** The task **
Exact repetition of a range: find the line containing "In the MODULE" and the line containing "Black Reversabl waistcoat" in the material below, then repeat both and all lines between them, leaving pictures out.

** Data for this task **
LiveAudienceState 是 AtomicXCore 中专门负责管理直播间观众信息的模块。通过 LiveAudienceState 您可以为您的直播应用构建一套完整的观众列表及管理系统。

==

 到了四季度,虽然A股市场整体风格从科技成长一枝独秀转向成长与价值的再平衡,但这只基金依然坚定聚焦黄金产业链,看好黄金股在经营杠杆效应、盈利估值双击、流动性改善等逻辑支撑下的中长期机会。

==

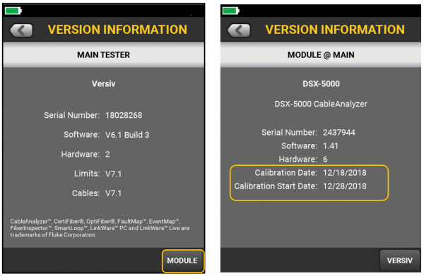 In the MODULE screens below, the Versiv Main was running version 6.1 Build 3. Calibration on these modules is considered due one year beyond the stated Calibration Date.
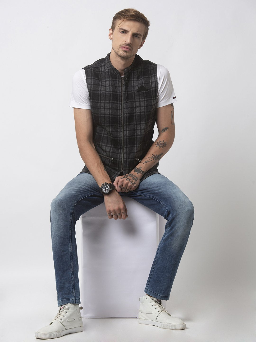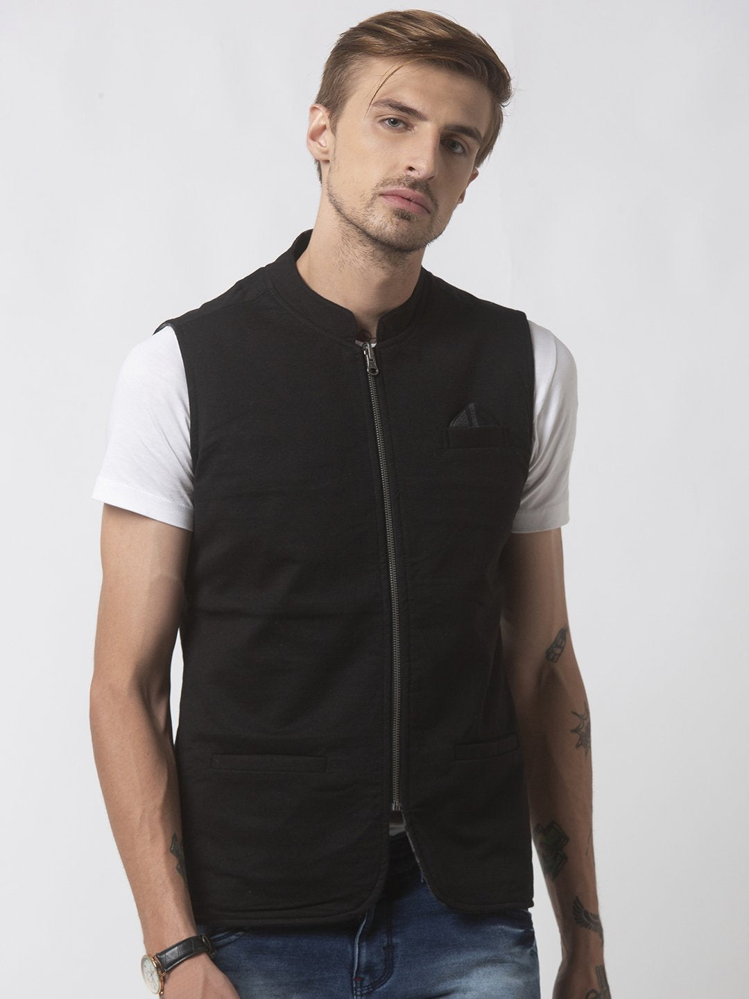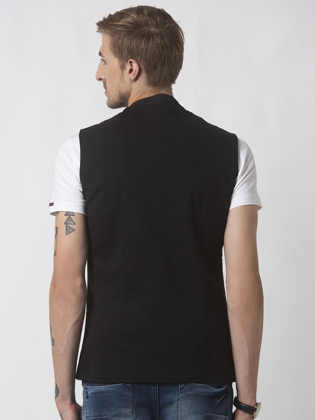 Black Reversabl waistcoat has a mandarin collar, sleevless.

** Exercise answer **
 In the MODULE screens below, the Versiv Main was running version 6.1 Build 3. Calibration on these modules is considered due one year beyond the stated Calibration Date.
 Black Reversabl waistcoat has a mandarin collar, sleevless.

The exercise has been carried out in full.